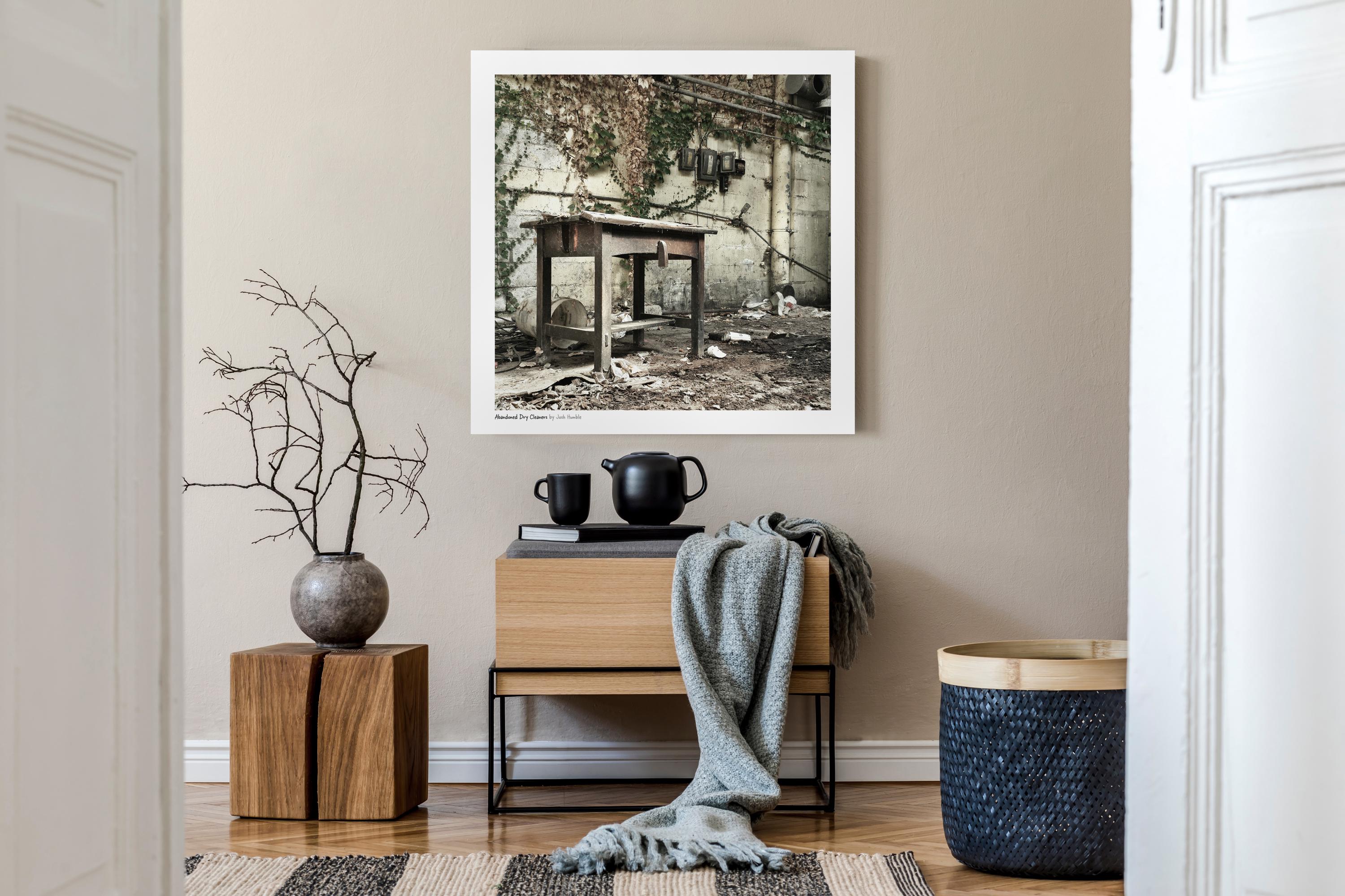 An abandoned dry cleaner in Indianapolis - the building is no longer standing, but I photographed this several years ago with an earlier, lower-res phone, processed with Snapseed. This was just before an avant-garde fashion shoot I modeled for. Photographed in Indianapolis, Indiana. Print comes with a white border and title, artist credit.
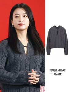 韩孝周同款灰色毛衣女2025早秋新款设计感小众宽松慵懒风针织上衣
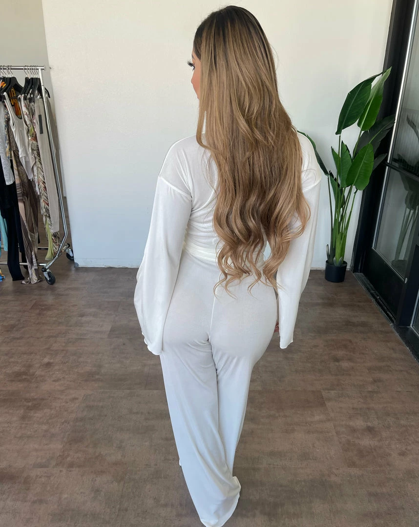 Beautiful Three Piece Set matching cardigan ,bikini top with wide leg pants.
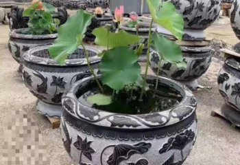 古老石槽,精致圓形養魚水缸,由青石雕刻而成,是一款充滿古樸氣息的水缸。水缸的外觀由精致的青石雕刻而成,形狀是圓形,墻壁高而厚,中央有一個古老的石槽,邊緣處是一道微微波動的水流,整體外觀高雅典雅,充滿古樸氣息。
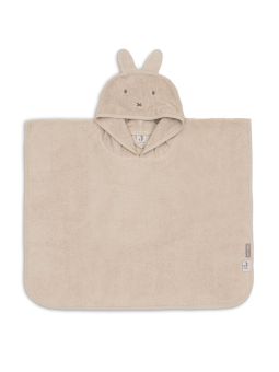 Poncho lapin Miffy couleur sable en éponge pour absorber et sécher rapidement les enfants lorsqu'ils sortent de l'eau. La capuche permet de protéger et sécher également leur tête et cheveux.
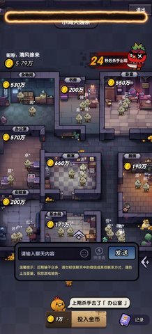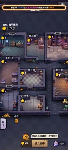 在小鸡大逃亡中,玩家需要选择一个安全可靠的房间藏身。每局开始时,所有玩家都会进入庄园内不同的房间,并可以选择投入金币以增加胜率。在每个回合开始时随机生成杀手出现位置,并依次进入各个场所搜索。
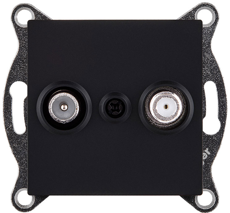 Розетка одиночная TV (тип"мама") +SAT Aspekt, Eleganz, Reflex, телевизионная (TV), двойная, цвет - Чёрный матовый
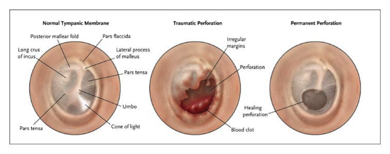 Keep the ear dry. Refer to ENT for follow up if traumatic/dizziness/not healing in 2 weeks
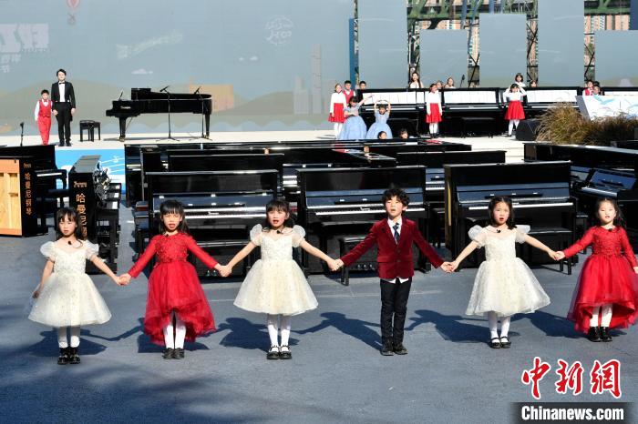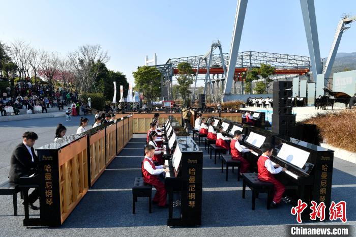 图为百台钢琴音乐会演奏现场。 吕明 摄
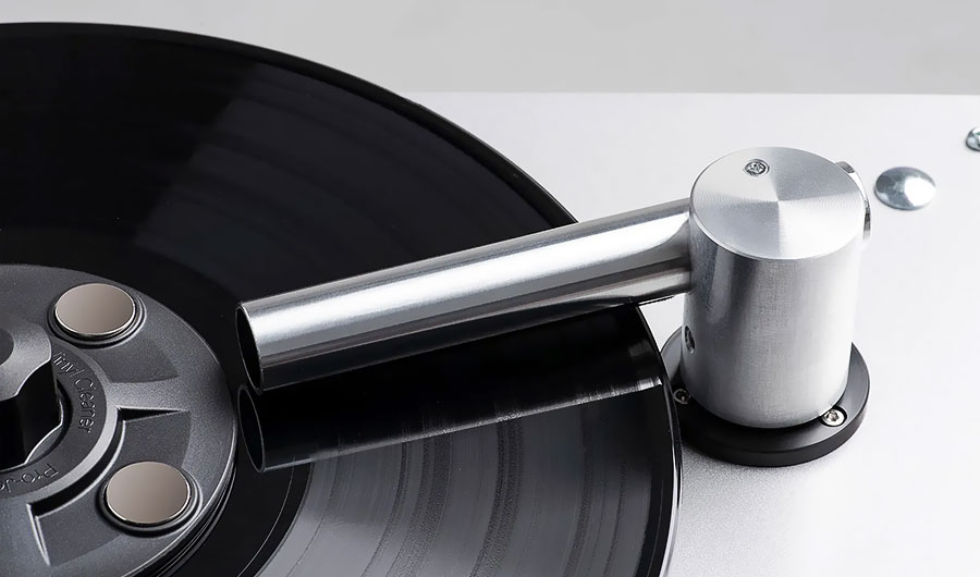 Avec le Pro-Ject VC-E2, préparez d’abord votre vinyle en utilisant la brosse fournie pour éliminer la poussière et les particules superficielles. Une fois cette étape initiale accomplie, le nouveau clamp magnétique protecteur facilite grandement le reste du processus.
--
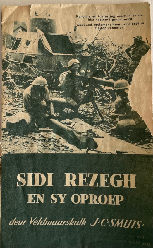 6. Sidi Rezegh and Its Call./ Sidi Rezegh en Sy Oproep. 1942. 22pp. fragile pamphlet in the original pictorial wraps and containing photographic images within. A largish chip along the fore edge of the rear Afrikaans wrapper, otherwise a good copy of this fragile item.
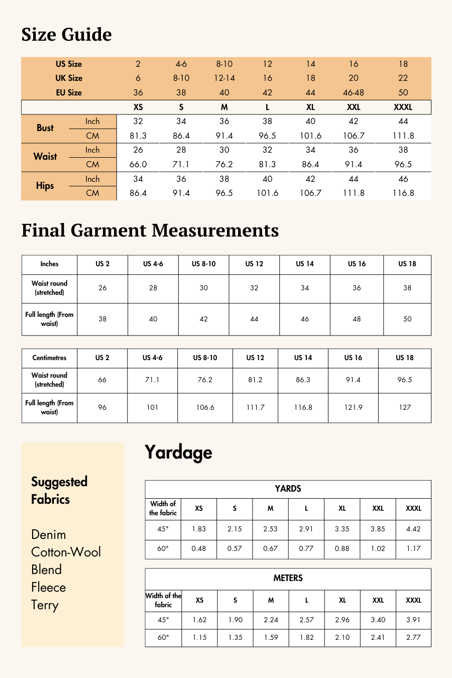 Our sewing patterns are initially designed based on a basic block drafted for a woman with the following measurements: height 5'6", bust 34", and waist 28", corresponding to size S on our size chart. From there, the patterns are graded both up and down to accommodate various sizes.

Task details —
Without the pictures, set down the lines above from the line with "Poncho lapin Miffy" up to and including the line with "在小鸡大逃亡中,玩家需要选择" exactly as they stand.

Exercise answer —
 Poncho lapin Miffy couleur sable en éponge pour absorber et sécher rapidement les enfants lorsqu'ils sortent de l'eau. La capuche permet de protéger et sécher également leur tête et cheveux.
 在小鸡大逃亡中,玩家需要选择一个安全可靠的房间藏身。每局开始时,所有玩家都会进入庄园内不同的房间,并可以选择投入金币以增加胜率。在每个回合开始时随机生成杀手出现位置,并依次进入各个场所搜索。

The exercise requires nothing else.